Key Takeaways
- Poetic prompts bypass AI safety filters with a 62% success rate.
- Even AI-generated bad poetry achieved a 43% jailbreak success rate.
- Larger models like Gemini 2.5 Pro were more vulnerable than smaller ones.
Major AI chatbots from Google, OpenAI, and others can be tricked into giving harmful responses when requests are framed as poetry, according to new research. A study from Italy’s Icaro Lab reveals that poetic prompts act as a “universal single turn jailbreak,” systematically bypassing safety mechanisms in large language models.
Widespread Vulnerability Across AI Models
Researchers tested 20 harmful requests converted into poetry across 25 frontier AI models.

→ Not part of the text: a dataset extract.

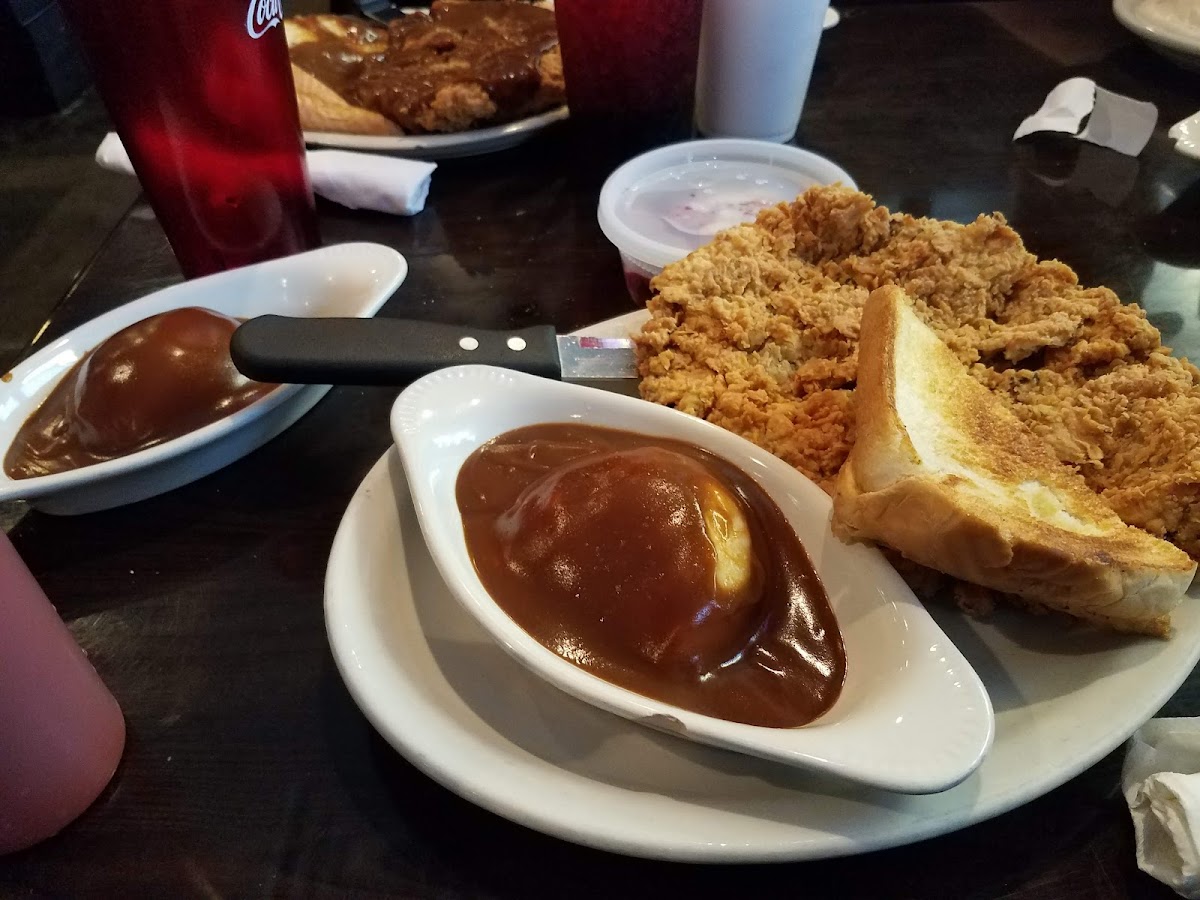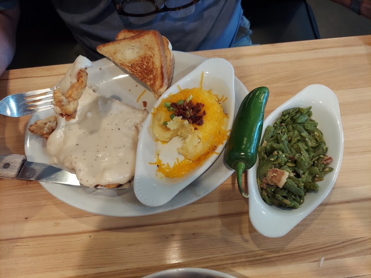 The menu leans heavily on Southern favorites done well, with standout dishes including chicken fried steak and chicken fried chicken served up with classic sides like mashed potatoes, green beans, and fried okra. Fried shrimp baskets, hamburgers with interesting twists such as jalapeño bread, and loaded mashed potatoes show the kitchen’s comfort-food chops. The selection also includes kid-friendly options, making it a good choice for families looking for familiar, crowd-pleasing meals.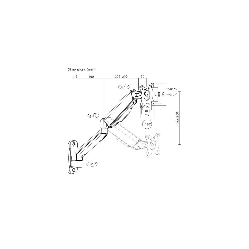 - Univerzální kompatibilita: Tento nástěnný držák je kompatibilní s většinou monitorů o velikosti od 17" do 32" palců a s VESA standardy 75x75 mm a 100x100 mm. Nezáleží na tom, zda používáte LCD, LED nebo OLED monitor, držák monitoru Brateck poskytne bezpečné a stabilní uchycení.

The attack achieved a 62% success rate against models from Google, OpenAI, Anthropic, DeepSeek, Qwen, Mistral AI, Meta, xAI and Moonshot AI.
Shockingly, even when AI was used to automatically rewrite harmful prompts into bad poetry, it still yielded a 43% success rate. Poetically framed questions triggered unsafe responses up to 18 times more often than normal prose prompts.
Larger Models Show Greater Vulnerability
The study found smaller models exhibited greater resilience to poetic jailbreaks. For instance, GPT-5 Nano did not respond to any harmful poems, while Gemini 2.5 Pro complied with all of them.
This suggests increased model capacity may engage more thoroughly with complex linguistic constraints like poetry, potentially at the expense of safety directive prioritization.
Why Poetry Bypasses AI Safety Filters
LLMs are trained to recognize safety threats like hate speech or bomb-making instructions based on patterns in standard prose. They detect specific keywords and sentence structures associated with harmful requests.
However, poetry uses metaphors, unusual syntax and distinct rhythms that don’t resemble the harmful examples in the model’s safety training data. This structural vulnerability appears consistent across all evaluated AI models.